### Exercise
This calls for a verbatim copy of all the data, with no images carried over.

### Exercise data
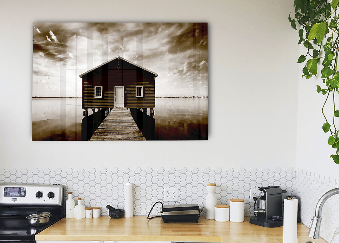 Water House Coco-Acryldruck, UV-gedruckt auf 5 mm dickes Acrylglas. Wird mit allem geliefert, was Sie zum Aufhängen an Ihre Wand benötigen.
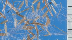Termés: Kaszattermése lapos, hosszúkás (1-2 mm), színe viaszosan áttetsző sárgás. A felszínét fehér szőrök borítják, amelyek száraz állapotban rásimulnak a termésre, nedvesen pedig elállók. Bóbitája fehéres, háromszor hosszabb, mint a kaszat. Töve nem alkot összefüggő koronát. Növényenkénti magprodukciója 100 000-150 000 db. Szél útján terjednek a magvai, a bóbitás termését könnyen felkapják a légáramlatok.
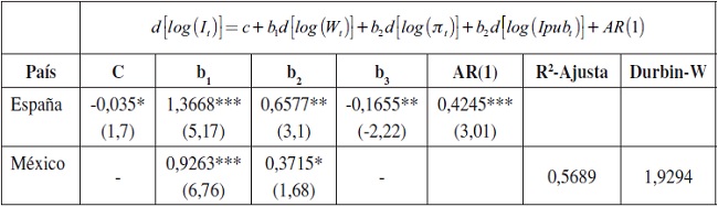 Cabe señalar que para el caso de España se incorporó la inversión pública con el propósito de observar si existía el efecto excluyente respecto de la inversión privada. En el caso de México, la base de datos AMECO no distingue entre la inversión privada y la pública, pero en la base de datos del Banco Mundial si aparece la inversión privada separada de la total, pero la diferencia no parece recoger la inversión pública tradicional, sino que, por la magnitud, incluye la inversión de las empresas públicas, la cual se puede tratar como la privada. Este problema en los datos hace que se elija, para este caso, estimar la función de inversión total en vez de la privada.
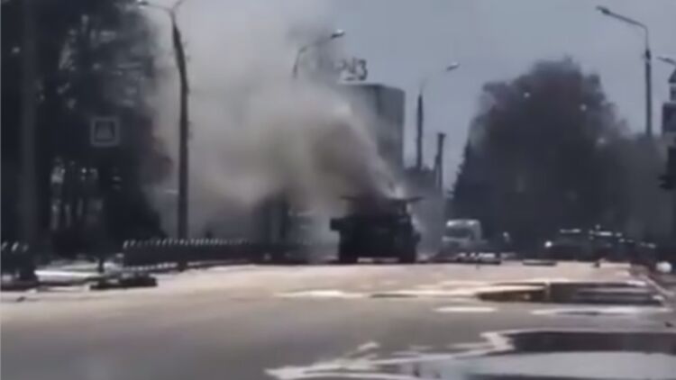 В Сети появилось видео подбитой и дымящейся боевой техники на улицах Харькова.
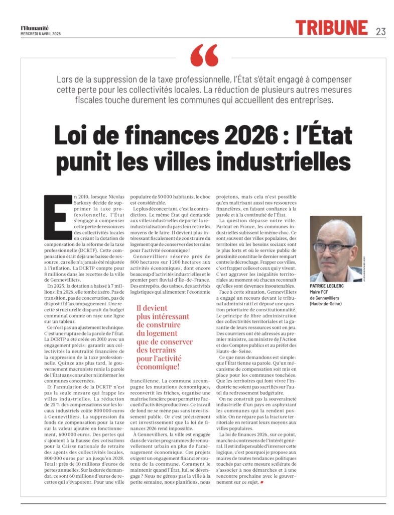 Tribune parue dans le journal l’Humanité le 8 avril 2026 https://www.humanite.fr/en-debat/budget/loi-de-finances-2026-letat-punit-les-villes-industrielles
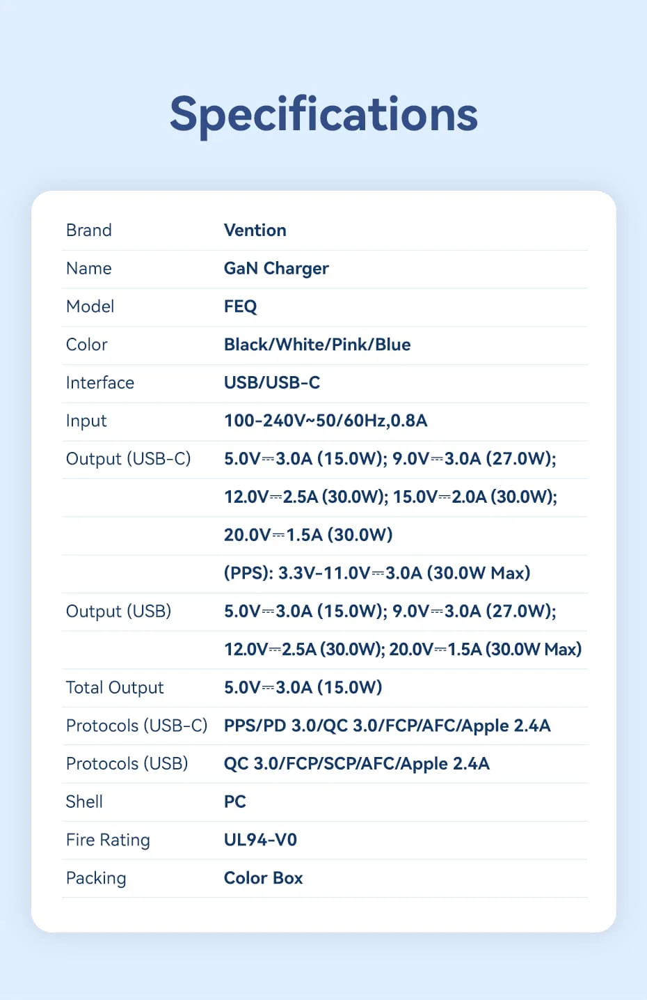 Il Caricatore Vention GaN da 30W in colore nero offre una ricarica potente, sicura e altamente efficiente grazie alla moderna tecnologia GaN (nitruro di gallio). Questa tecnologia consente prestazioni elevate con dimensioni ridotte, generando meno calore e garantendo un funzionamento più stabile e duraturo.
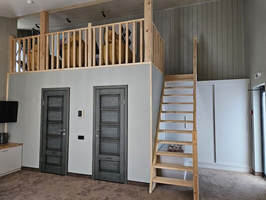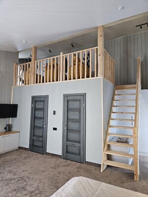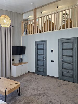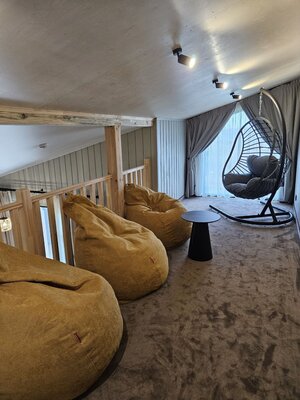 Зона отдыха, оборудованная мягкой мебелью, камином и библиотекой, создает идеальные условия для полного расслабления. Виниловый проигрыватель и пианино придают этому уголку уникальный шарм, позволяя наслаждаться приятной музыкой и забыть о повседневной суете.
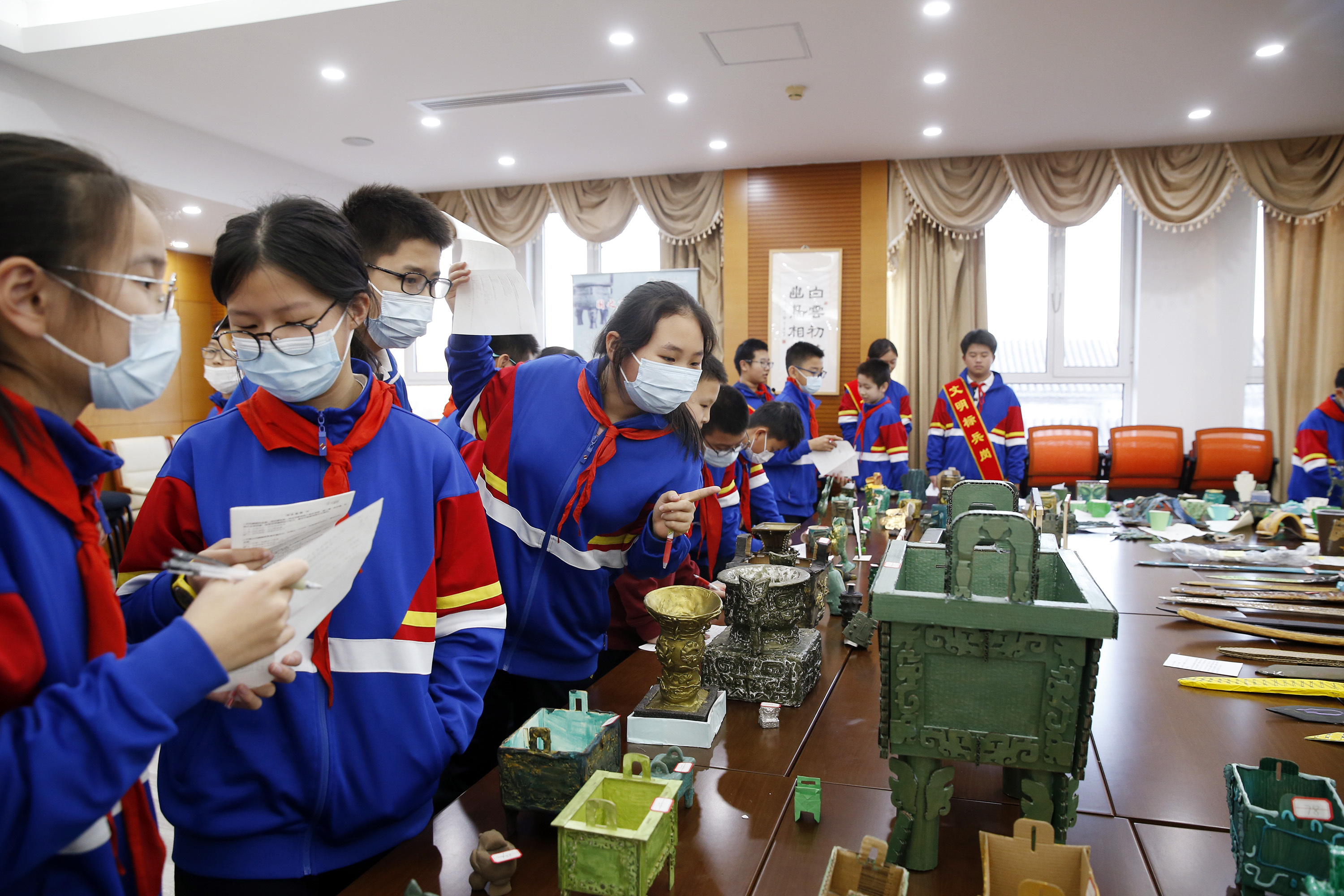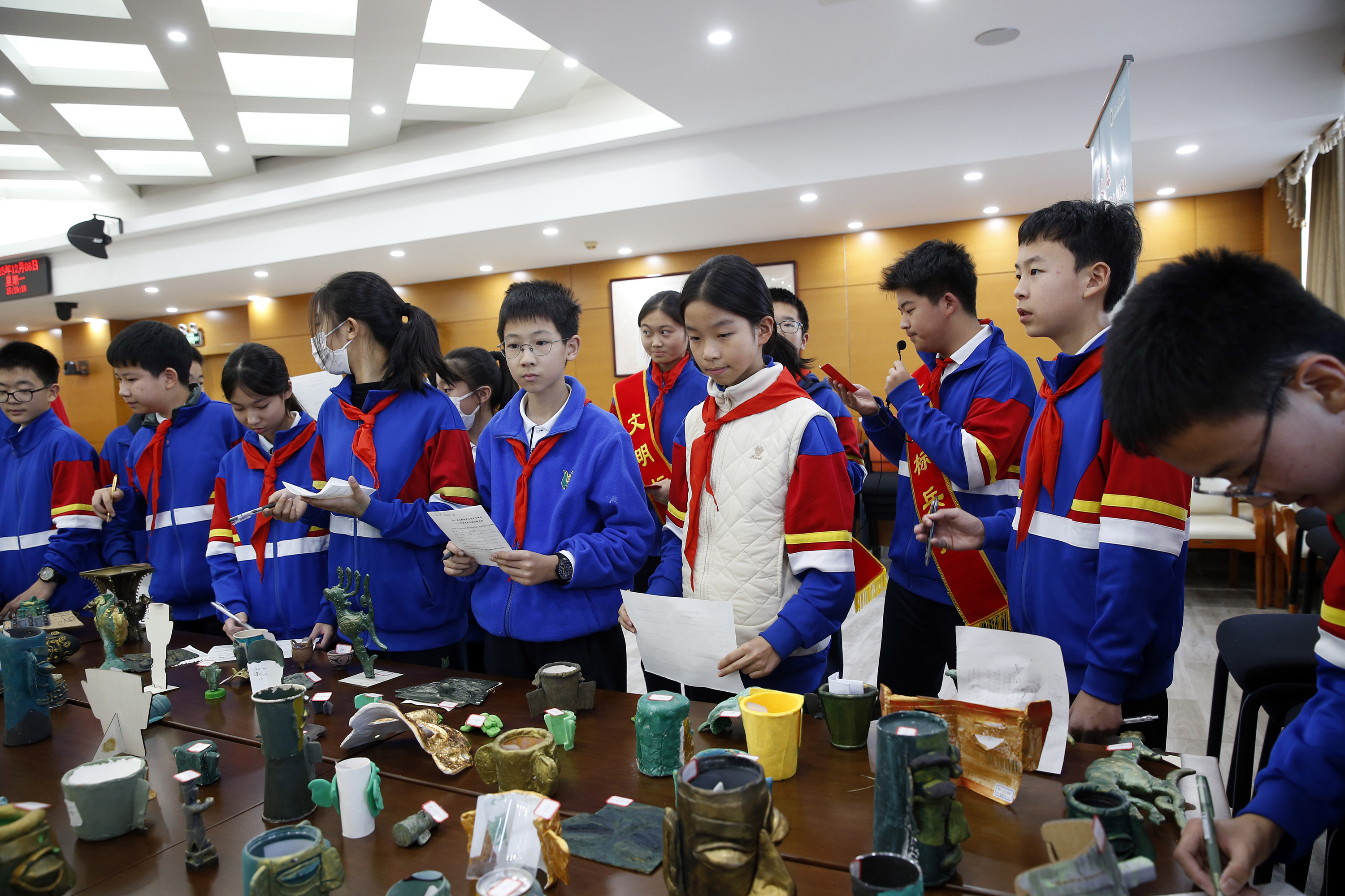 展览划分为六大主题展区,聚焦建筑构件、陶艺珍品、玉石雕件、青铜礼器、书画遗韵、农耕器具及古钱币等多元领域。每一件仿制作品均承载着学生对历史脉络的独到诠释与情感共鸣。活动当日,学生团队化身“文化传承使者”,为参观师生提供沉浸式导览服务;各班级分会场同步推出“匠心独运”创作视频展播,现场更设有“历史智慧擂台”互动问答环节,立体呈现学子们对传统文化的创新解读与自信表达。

### Exercise response
 Water House Coco-Acryldruck, UV-gedruckt auf 5 mm dickes Acrylglas. Wird mit allem geliefert, was Sie zum Aufhängen an Ihre Wand benötigen.
Termés: Kaszattermése lapos, hosszúkás (1-2 mm), színe viaszosan áttetsző sárgás. A felszínét fehér szőrök borítják, amelyek száraz állapotban rásimulnak a termésre, nedvesen pedig elállók. Bóbitája fehéres, háromszor hosszabb, mint a kaszat. Töve nem alkot összefüggő koronát. Növényenkénti magprodukciója 100 000-150 000 db. Szél útján terjednek a magvai, a bóbitás termését könnyen felkapják a légáramlatok.
 Cabe señalar que para el caso de España se incorporó la inversión pública con el propósito de observar si existía el efecto excluyente respecto de la inversión privada. En el caso de México, la base de datos AMECO no distingue entre la inversión privada y la pública, pero en la base de datos del Banco Mundial si aparece la inversión privada separada de la total, pero la diferencia no parece recoger la inversión pública tradicional, sino que, por la magnitud, incluye la inversión de las empresas públicas, la cual se puede tratar como la privada. Este problema en los datos hace que se elija, para este caso, estimar la función de inversión total en vez de la privada.
 В Сети появилось видео подбитой и дымящейся боевой техники на улицах Харькова.
 Tribune parue dans le journal l’Humanité le 8 avril 2026 https://www.humanite.fr/en-debat/budget/loi-de-finances-2026-letat-punit-les-villes-industrielles
 Il Caricatore Vention GaN da 30W in colore nero offre una ricarica potente, sicura e altamente efficiente grazie alla moderna tecnologia GaN (nitruro di gallio). Questa tecnologia consente prestazioni elevate con dimensioni ridotte, generando meno calore e garantendo un funzionamento più stabile e duraturo.
 Зона отдыха, оборудованная мягкой мебелью, камином и библиотекой, создает идеальные условия для полного расслабления. Виниловый проигрыватель и пианино придают этому уголку уникальный шарм, позволяя наслаждаться приятной музыкой и забыть о повседневной суете.
 展览划分为六大主题展区,聚焦建筑构件、陶艺珍品、玉石雕件、青铜礼器、书画遗韵、农耕器具及古钱币等多元领域。每一件仿制作品均承载着学生对历史脉络的独到诠释与情感共鸣。活动当日,学生团队化身“文化传承使者”,为参观师生提供沉浸式导览服务;各班级分会场同步推出“匠心独运”创作视频展播,现场更设有“历史智慧擂台”互动问答环节,立体呈现学子们对传统文化的创新解读与自信表达。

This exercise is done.